I don't trust Sahil and Matt. They tried to commit fraud, hype things up, but it got way too much attention than what they expected, so they tried to get away with just serving Claude/ChatGPT in the background but got caught. They are nothing but grifters who got caught and now trying to fix that image.

m3kw9 a day ago

Is either fraud or incompetency, I say is just incompetency like what he said. Got too excited on some false test maybe they tested with some validation data mixed in

bastawhiz a day ago

So when they put the hosted model online (which was actually just proxying Claude), they explicitly prompted Claude to censor its own name. That's not explainable with incompetence. It's very intentional deception.
- jazzyjackson a day ago
  
  I just can't facepalm enough seeing so called AI companies relying on pythons .replace() when they need to hide what service they're building on

blackeyeblitzar a day ago

Past discussions about this model and its controversies:

Reflection 70B, the top open-source model https://news.ycombinator.com/item?id=41459781

Confirmed: Reflection 70B's official API is a wrapper for Sonnet 3.5 https://news.ycombinator.com/item?id=41484981

nisten a day ago

There is no official API, you're confirming a temporary one that was taken down weeks ago.
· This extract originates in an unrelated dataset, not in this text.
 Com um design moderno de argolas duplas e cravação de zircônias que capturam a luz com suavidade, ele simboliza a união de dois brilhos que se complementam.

That was done via OpenRouter, a routing api service/site, which routes to different model's under load.
Yes they could've switched it themselves too.

daguava a day ago

[dead]

ilaksh a day ago

The models are very powerful. This can help anyone, including scammers. The number of scams will be enormous.
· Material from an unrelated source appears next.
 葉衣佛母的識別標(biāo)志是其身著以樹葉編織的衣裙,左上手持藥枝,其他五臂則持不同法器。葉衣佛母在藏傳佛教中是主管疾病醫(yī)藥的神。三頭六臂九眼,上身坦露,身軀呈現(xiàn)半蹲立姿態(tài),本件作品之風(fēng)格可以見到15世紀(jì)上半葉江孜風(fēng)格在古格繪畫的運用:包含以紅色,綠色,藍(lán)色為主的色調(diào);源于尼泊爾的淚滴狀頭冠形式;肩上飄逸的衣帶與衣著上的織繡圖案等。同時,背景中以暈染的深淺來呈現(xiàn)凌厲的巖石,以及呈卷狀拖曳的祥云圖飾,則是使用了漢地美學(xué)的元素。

I just hope people are also able to see how useful it is for non-scumbags and don't let the scammers ruin it for everyone else. I am not going to mention another similar category of technology in this regard, just to stay "politically correct" for this site.

talldayo a day ago

> I just hope people are also able to see how useful it is for non-scumbags and don't let the scammers ruin it for everyone else.
I hope so too - it's been four years since GPT-3 came out and I haven't found a single serious time-saving application for the technology.
If someone doesn't start making money with LLMs soon, then it will only be the scammers who benefit!